Jesus satisfies neither camp.
Jesus knows what we so often would like to ignore. One simply cannot plainly, logically, satisfactorily explain the complexities of a mystery beyond understanding. He speaks instead in terms of a way of living, a way of relating, a way of protecting, a way to follow.
Sheep. We are the sheep in this allegory. If we’re going to be sheep, there is something you should know.
That really bad rap sheep get, the stupidity thing, the bleating helplessness thing – it’s all a bit overblown, the product of a vicious rumor started largely by cattlefolk. A rumor propagated by cow folk who, for the most part, don’t like sheep. The cattle folk don’t like sheep largely because, well, because they are not cows.

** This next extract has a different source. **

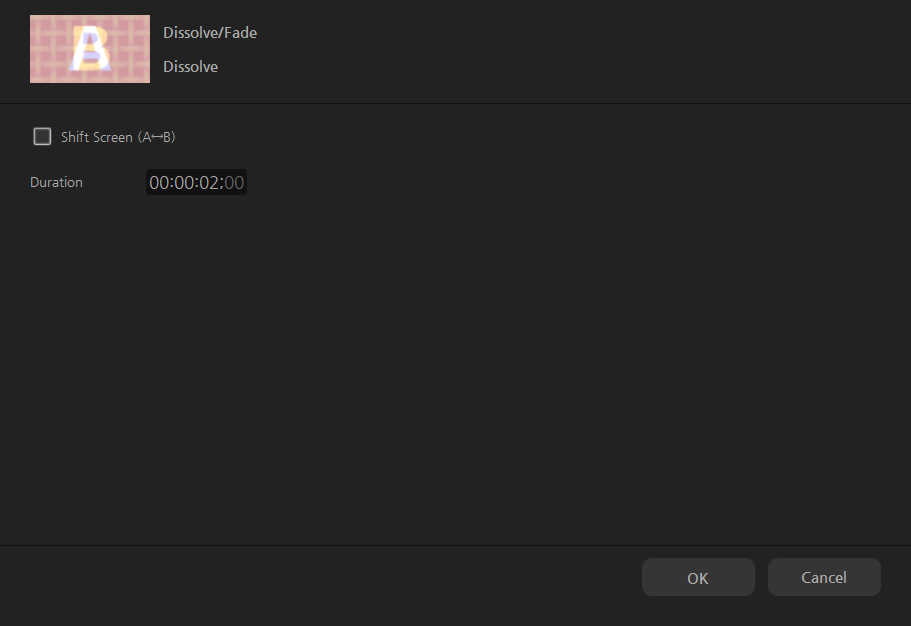 “Dissolve” effect dialog box Shift Screen (A↔B) Check it to let the track transition proceed from the top clip to the bottom clip. Duration It is the lasting duration of track transition.

Cows can be driven, pushed from behind, running from the hooves of the horses and the noise of whips and yelling cowboys and barking cattle dogs. Do that to a flock of sheep and they will run in circles. They will run in circles because they are trying desperately to get behind whatever is making the chaos, rather than being in front of it, chased by it. Who’s stupid now?
Sheep do, however, have a horrible sense of direction. They prefer to follow. The way to get sheep to where you want them to go is to gain their trust, and lead them there.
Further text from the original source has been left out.